*Problem*.
Look below for the line that contains "全方位功能:內建藍牙/Aux-In/USB隨身碟/TF記憶卡等音訊輸入模式" and the line that contains "- Then type", then restate both of them and every line in between, exactly. No picture goes in the copy.

Source data

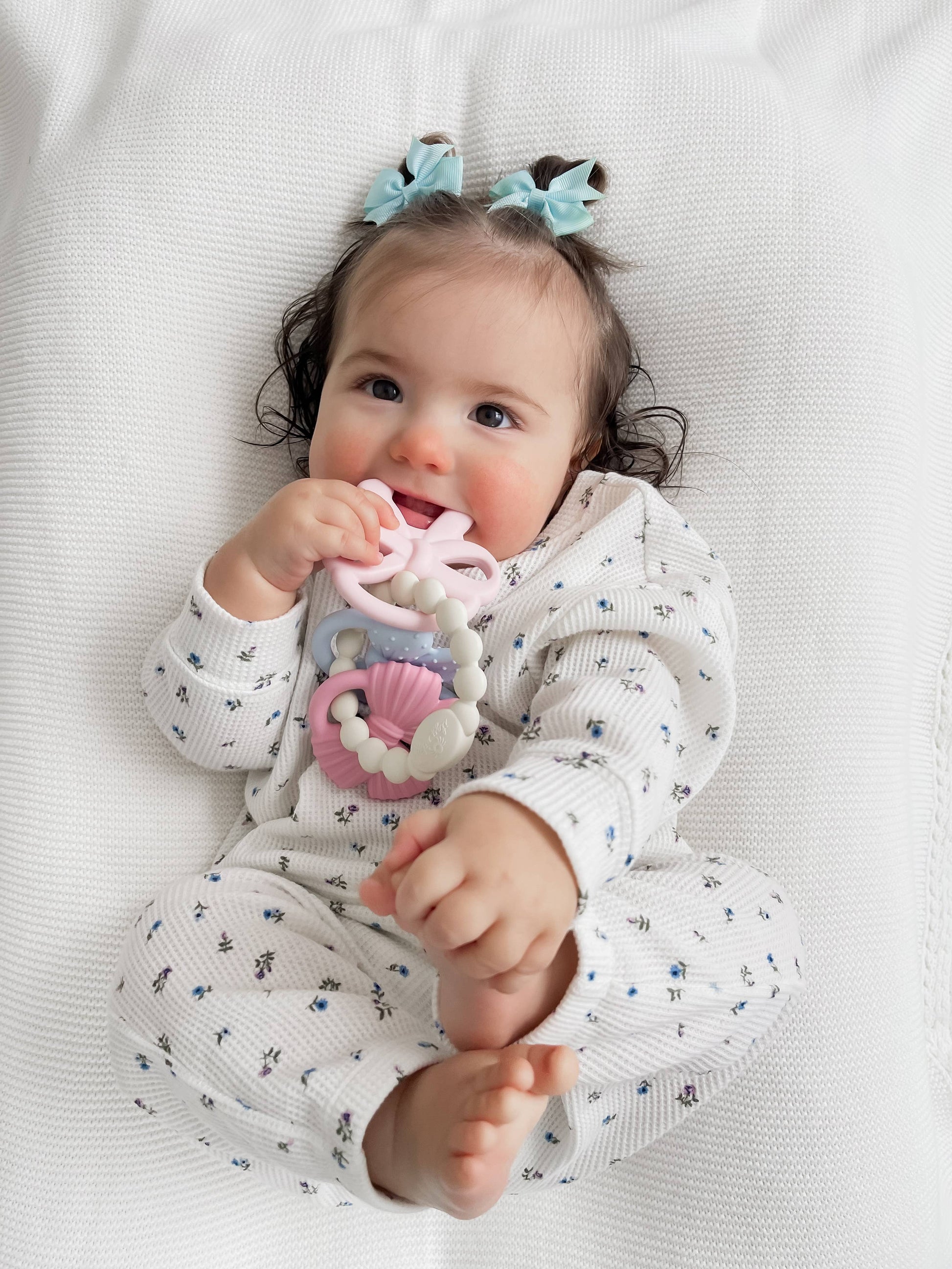 Great things come in threes. The Itzy Trio offers triple the relief with three 100% silicone teething charms, each rocking its own unique texture to soothe irritated gums. Linked together with an easy-grip silicone ring designed for tiny hands, it’s safe, convenient, and quite charming (pun intended).
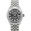 - 1945年に誕生し、今やロレックスの顔とも言える"デイトジャスト"。金属塊から削りだした防水性の高いオイスターケース、午前0時頃瞬時に日付けが変わるデイトジャスト機構、全回転式ローターを搭載したパーペチュアル機構と、ロレックス三大機構を搭載したモデルです。こちらの型番は2017年に発表されたモデルとなり、新色のダークグレーダイアルが採用されケース径が26mmから28mmへサイズアップしているのが特徴です。
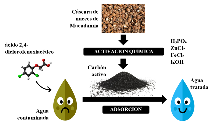 Un equipo de investigadores del Departamento de Ingeniería Química de la Universidad Autónoma de Madrid (UAM), en colaboración con el Laboratorio de Termodinámica Aplicada de la Universidad de Gabes en Túnez, ha llevado a cabo un estudio sobre el potencial de los carbones activos derivados de cáscaras de nueces de macadamia para la eliminación del ácido 2,4-diclorofenoxiacético, un pesticida de uso común, presente en el agua.
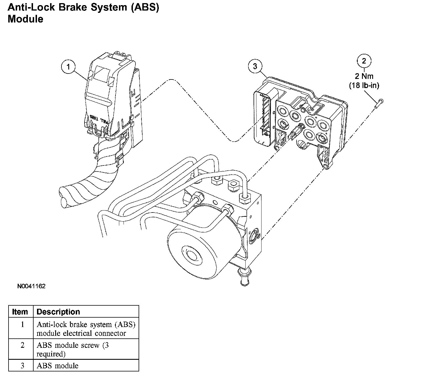 NOTE: When installing a new ABS control module it must be configured using the vehicle as-built data and calibrated. For additional information, refer to Body Control Systems.
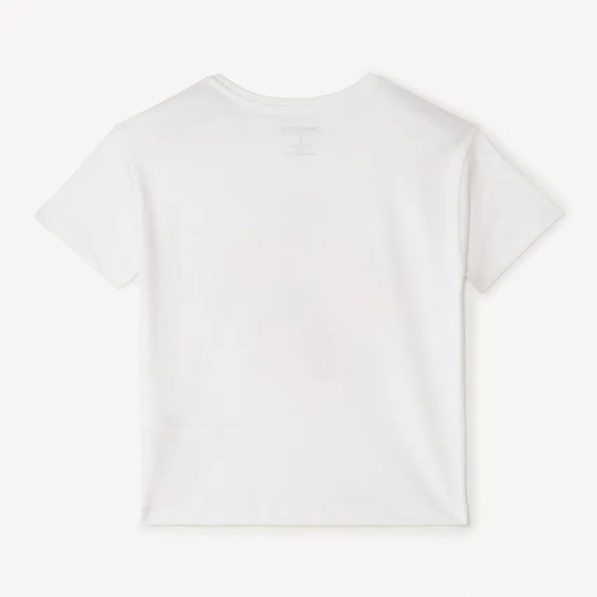 Лёгкая футболка в белом цвете станет ярким и милым акцентом в детском гардеробе. Модель выполнена из мягкого трикотажа, который приятен к телу и подходит для повседневной носки.
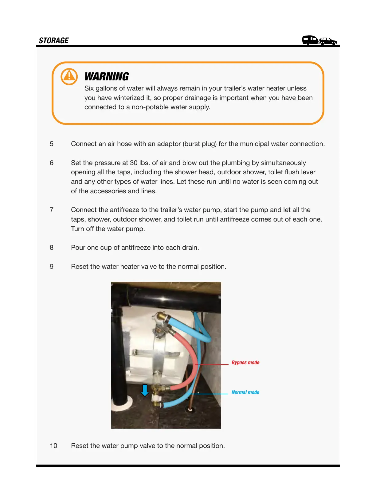 7 Connect the antifreeze to the trailer’s water pump, start the pump and let all the
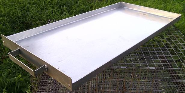 - The pallet is made of galvanized sheet steel. The workpiece is cut out 2 cm more on each side than the dimensions of the bottom of the structure. The stock is needed for the sides. Galvanized edges are bent at an angle of 90about... If the height of the sides does not allow the pallet to freely enter into the gap left near the floor, they are slightly trimmed. The edges of the galvanized steel must be deburred.
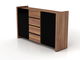 Dvoudveřová komoda se čtyřmi zásuvkami. Dvířka, lesklé černé a zásuvky v barvě ořech Merano.
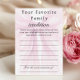 Create a meaningful keepsake at your baby shower with this “Favorite Family Tradition” activity card. Designed with a soft blush pink watercolor bow and elegant typography, it invites guests to share sweet traditions from their childhood—perfect for inspiring new memories for your growing family.
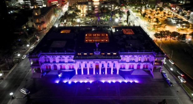 Monterrey.- Con motivo previo al Día Internacional de la Mujer celebrado el 8 de marzo, el Palacio de Gobierno de Nuevo León y el Congreso del Estado se iluminaron del color morado.
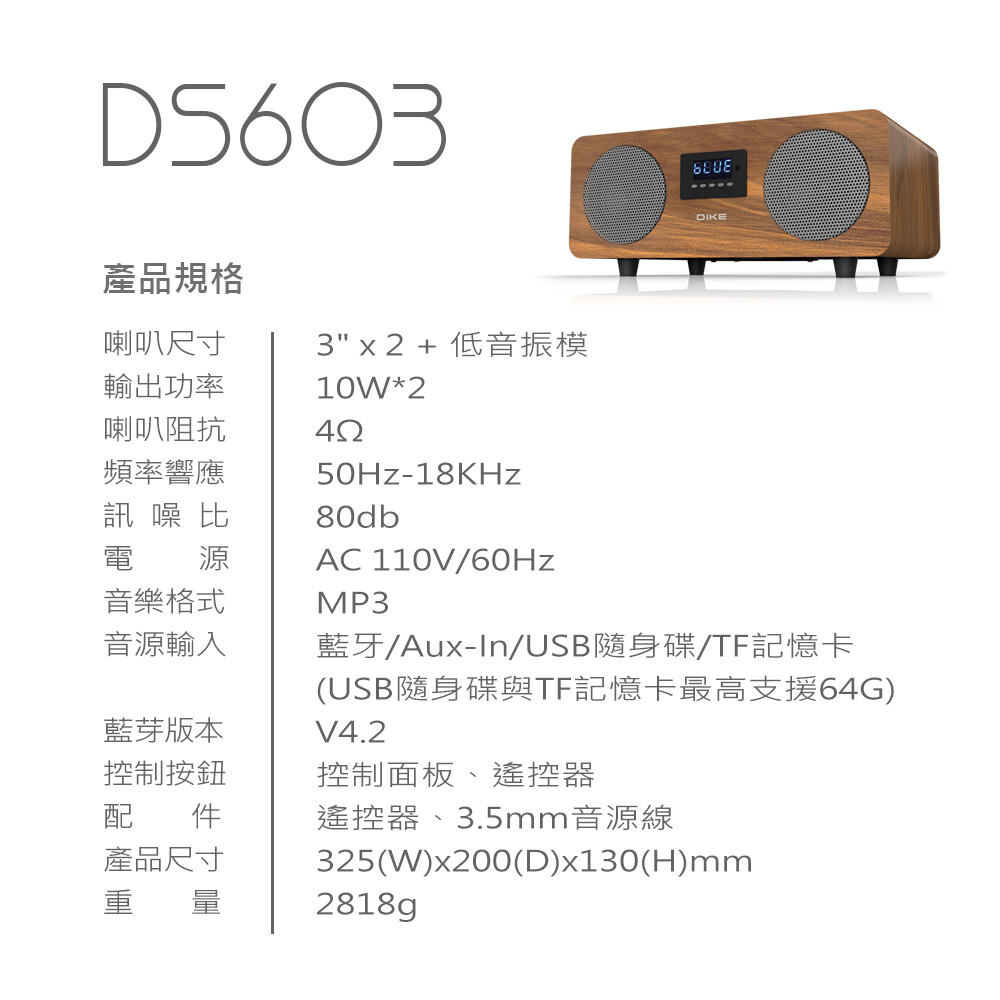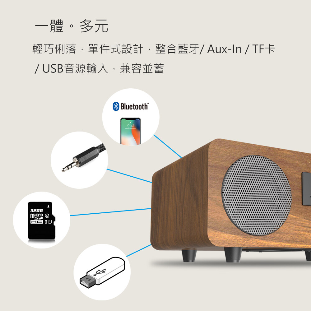 全方位功能:內建藍牙/Aux-In/USB隨身碟/TF記憶卡等音訊輸入模式
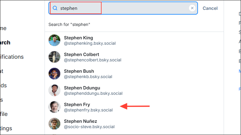 - Then type the name of the user you are searching for in the search box at the top. Bluesky will show you the relevant results and you can click on the username you want to follow.
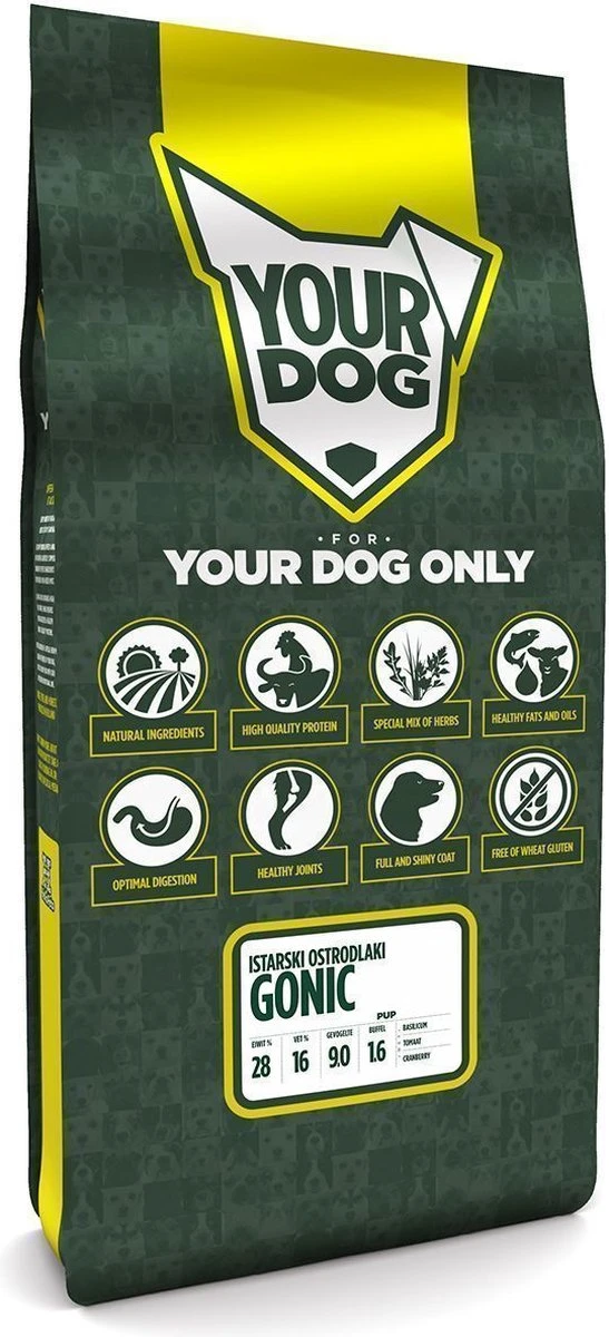 Yourdog Istarski ostrodlaki gonic Hondenvoer | Pup | 12KG, Yourdog Istarski ostrodlaki gonic zorgt voor de holistische gezondheid en het welzijn van jouw hond. Alle Yourdog varianten bevatten smaakvolle buffel en kip. Wij combineren dit met zorgvuldig geselecteerde groenten, fruit en kruiden om zo te komen tot de perfecte voeding voor jouw Istarski ostrodlaki gonic. Waarom Yourdog Istarski ostrodlaki gonic, Rijk aan buffel en gevogelte, Speciaal gemaakt voor de Istarski ostrodlaki gonic, Bevat Basilicum, Tomaat en Cranberry, Bevordert een gezonde, glanzende vacht, Behoud een gezonde darmflora, Vrij van kunstmatige geur-, kleur- of smaakstoffen, Ook geschikt voor de gevoelige Istarski ostrodlaki gonic, Onze ingrediënten, Voor het maken van ons voer wordt er voor een 12 kg-zak 10,6 kg vlees ingedroogd, zodat dit beter te verwerken is in onze brok. Met de juiste hoeveelheid groente, fruit en kruiden is Yourdog een gezonde, voedzame keuze voor de hond. Buffel, Bij Yourdog gebruiken wij vlees van vrij opgegroeide en gras gevoerde buffels. Buffelvlees staat bekend om zijn romige, frisse smaak en rijke kleur en zit vol met vitaminen en mineralen. Met een lager cholesterol- en vetgehalte en minder calorieën zit dit malse vlees bomvol gezondheidsvoordelen. Gevogelte, Bij Yourdog maken wij gebruik van eend, kip en kalkoen welke samen zorgen voor een heerlijke smaak en aroma van de brok. De hoog verteerbare eiwitten in het gevogelte zorgen voor een goede spieropbouw en zijn rijk aan vitaminen en mineralen. Groente, Om de hond te voorzien van extra waardevolle voedingsstoffen zijn supergezonde groenten aan ons voer toegevoegd. Zo zijn groenten niet alleen voedzaam, maar hebben ze ook nog andere gezonde eigenschappen. De ruwe vezel in groenten is goed voor de darmen en kan onder andere bijdragen aan de spijsvertering. Fruit, Wij voegen een unieke combinatie van fruit toe aan Yourdog, waardoor de hond alle essentiële, natuurlijke antioxidanten binnen krijgt. Zo kan fruit goed zijn voor het immuunsysteem van de hond, maar het kan ook bijdragen aan een frisse adem of het behouden van een gezonde spijsvertering. Deze natuurlijke ingrediënten bevorderen de gezondheid van de hond. Kruiden, De gezonde kruiden die ons voer verrijken zijn afkomstig van planten uit Europa. Het gebruik van onder andere kruiden, wortels, bloemen, planten en wieren vindt zijn oorsprong al duizenden jaren terug. Deze ingrediënten ondersteunen de natuurlijke processen in het lichaam van de hond, zoals de spijsvertering. Ieder ingrediënt dat wij aan ons hondenvoer toevoegen is met zorg geselecteerd vanwege de positieve eigenschappen. Afhankelijk van de grootte van de hond, het ras of de rasgroep worden ingrediënten extra onder de aandacht gebracht. Rasspecifieke klachten kunnen worden verminderd door het gebruik van kruiden, wortels, bloemen en planten. Istarski ostrodlaki gonic specifieke groente, kruiden en fruit, Wij hebben zorgvuldig de raseigenschappen van de Istarski ostrodlaki gonic onderzocht. Ook hebben we onderzoek gedaan naar de eigenschappen van de FCI-ras sectie en de FCI-rasgroep waar de Istarski ostrodlaki gonic toe behoort. Uit deze onderzoeken zijn, in overleg met vooraanstaande Nederlandse voedingsdeskundige, ingrediënten geselecteerd die de gezondheid en het welzijn van de Istarski ostrodlaki gonic optimaal ten goede komen. Basilicum, Basilicum is een geslacht uit de lipbloemenfamilie. De naam komt uit het Oudgrieks, waarin ‘basileus’ koning betekent, de alternatieve benaming is dan ook koningskruid. Het komt oorspronkelijk voor tussen centraal Afrika en zuidoost Azië. Volgens traditionele geneeswijzen werd basilicum ingezet als behandelmethode voor onder andere artritis, bronchitis, verkoudheid, maagzweren, hartziekten en buikpijn. Onderzoek heeft getoond dat basilicum sterke antioxidante, antivirale en antimicrobiële eigenschappen kan hebben. Hiernaast kan basilicum de spijsvertering bevorderen, helpt het bij de afvoer van afvalstoffen en kan het een krampstillende en kalmerende werking hebben op de hond. Tomaat, De tomaat is onderdeel van de nachtschadefamilie en is afkomstig van de tomatenplant, oorspronkelijk uit Meso-Amerika. Kleine varianten werden in Meso-Amerika gekweekt door de Azteken en de Maya’s. In 1893 werd in Amerika besloten dat de vrucht moet worden beschouwd als een groente. Bij Yourdog gebruiken wij tomaat op een culinair niveau, hierbij gaan wij uit van tomaat als groente. Tomaten zijn rijk aan voedingsstoffen, laag in calorieën en hebben een hoog oplosbaar vezelgehalte wat bijdraagt aan de spijsvertering. Zo bevat tomaat ook lycopeen, hier hebben tomaten hun rode kleur aan te danken. Hoe roder een tomaat is, des te meer lycopeen erin zit. Naast dat dit een tomaat de rode kleur geeft, staat het ook bekend als een krachtig antioxidant. Zo heeft onderzoek aangetoond dat lycopeen onder andere bescherming kan bieden tegen kanker en kan het helpen bij hart- en vaatziekten. Hiernaast bevat tomaat veel vitamine C en vitamine A- en B-complexen, dit kan bijdragen aan een gezonde huid en een verbeterd immuunsysteem. Tomaat wordt toegevoegd aan ons hondenvoer omdat dit een positieve bijdrage zou kunnen leveren aan het voorkomen van rasspecifieke klachten in relatie tot spijsvertering, huid, zicht en hart- en vaatziekten. Hiernaast kan het een algemeen zuiverende werking hebben op het lichaam. Cranberry, De cranberry is een plant uit de heidefamilie. Deze plant is in Nederland voornamelijk te vinden op de Waddeneilanden en zeer zeldzaam in de rest van Nederland. Oorspronkelijk komt de plant uit Noord-Amerika en zou deze rond 1845 voor het eerst naar Nederland zijn gekomen. Cranberries bevatten een unieke mix van voedingsstoffen die een krachtige gezondheidsboost kunnen bieden aan honden. De besjes zijn onder andere rijk aan mineralen zoals kalium, die zorgt voor een gezond niveau van de vitale vloeistoffen in het lichaam. Ook zitten deze besjes vol met vitamine A, B en C en antioxidanten

*Exercise result*.
 全方位功能:內建藍牙/Aux-In/USB隨身碟/TF記憶卡等音訊輸入模式
 - Then type the name of the user you are searching for in the search box at the top. Bluesky will show you the relevant results and you can click on the username you want to follow.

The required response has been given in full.